Unidesk has a built in backup mechanism that just needs to be enabled. Since all of your OS and Application layers are read only, all that it has to back up is the UEP layer. From there, it can rebuild the desktop, complete with the user’s changes. After removing the original desktops, we began this restore process. It worked great. All of the restored machines powered right up and registered as available in View, with only a slight problem. Since Unidesk is technically rebuilding the VMs, it didn't remove the old entries from View. That meant that the users were still assigned to their original desktop instances in View. After a few minutes of cleanup, we'd removed the stale versions (they were the ones that were not connected and were not associated with any datastore) and reassigned the users to the restored VMs. No problem.
That’s only half the story – that all went fine – but I like to poke and explore things. Rather than restoring my desktop, I decided to leave the failed box around so that I could take a look at the wreckage… and it was cool. Remember how the UEP layer is actually 2 VMDK files? Well, if you browse your datastore, you can mess around with those.
I stood up a clean OS from a template (just a normal VM), then added those existing hard drives to my VM. At first, I was surprised to find that they weren’t in my desktop VM’s folder on the datastore, but in hindsight it makes sense. Those vmdk files are ultimately associated with the CachePoint – the Unidesk system that manages which layers get attached to which machine. The vmdk file in the VM's folder, if I am inferring things correctly, is simply used to boot that machine and attach the requisite layers. To find my UEP files, I had to browse my Cachepoint/UnideskLayers/User/<My Desktop> folder. In there, rested the pair of vmdk files that represent my UEP.
To see what I might get, I went ahead and mounted them to my throw-away VM, then assigned them drive letters. Browsing them through Windows explorer was awesome, as I was able to see exactly which files are stored in each vmdk! Unidesk describes the two vmdks of the UEP as basically a Configuration/Application vmdk and an “Everything Else” vmdk. By browsing the vmdks in this fashion, I could see exactly what data was going onto each one! I was able to infer which was which by simply looking for .exe files, which I know go to the Configuration/Application vmdk. This is super cool for a few reasons. Firstly, it can be used for sizing planning to help determine how large your UEP layers must be (since you can granularly determine where various types of data reside). Secondly, it gives me access to the UEP layers of the failed desktops, so if my backup was stale, I could retrieve updated versions of files!

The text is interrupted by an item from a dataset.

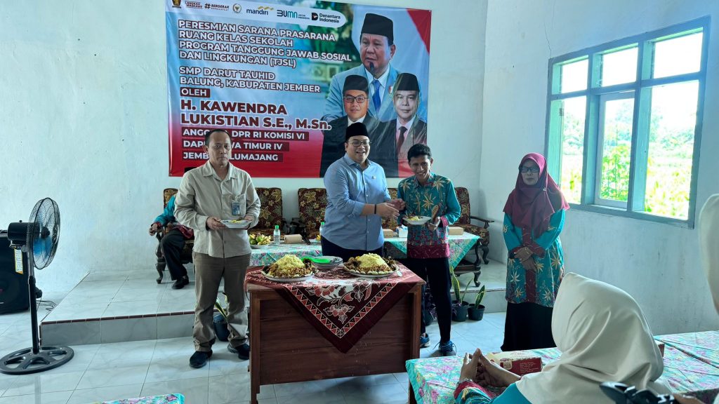 Jember – Anggota DPR RI F-Gerindra, Kawendra Lukistian meresmikan dua ruang kelas baru di Kabupaten Jember, Kamis (9/10/25). Peresmian dilakukan di dua lokasi sekolah berbeda, yakni SMP Darut Tauhid, Balung Lor dan MI Nurul Hidayah, Sumber Kejayan, Mayang. Dalam sambutannya, Kawendra menyampaikan bahwa pembangunan ruang kelas baru merupakan wujud nyata meningkatkan kualitas sarana belajar bagi generasi muda.

In anyone is curious, my desktop's UEP utilization (which has some application installers in the profile’s “downloads” folder) comes to 2.11 GB of “Configuration/Application” data and 532 MB of “Everything Else” data after about 3 weeks of use. My Trend Micro virus definitions seem to have gone to the “Configuration/Application” drive as well. Those numbers are, of course, a from a single admin user, so they aren't indicative of what a normal user might have.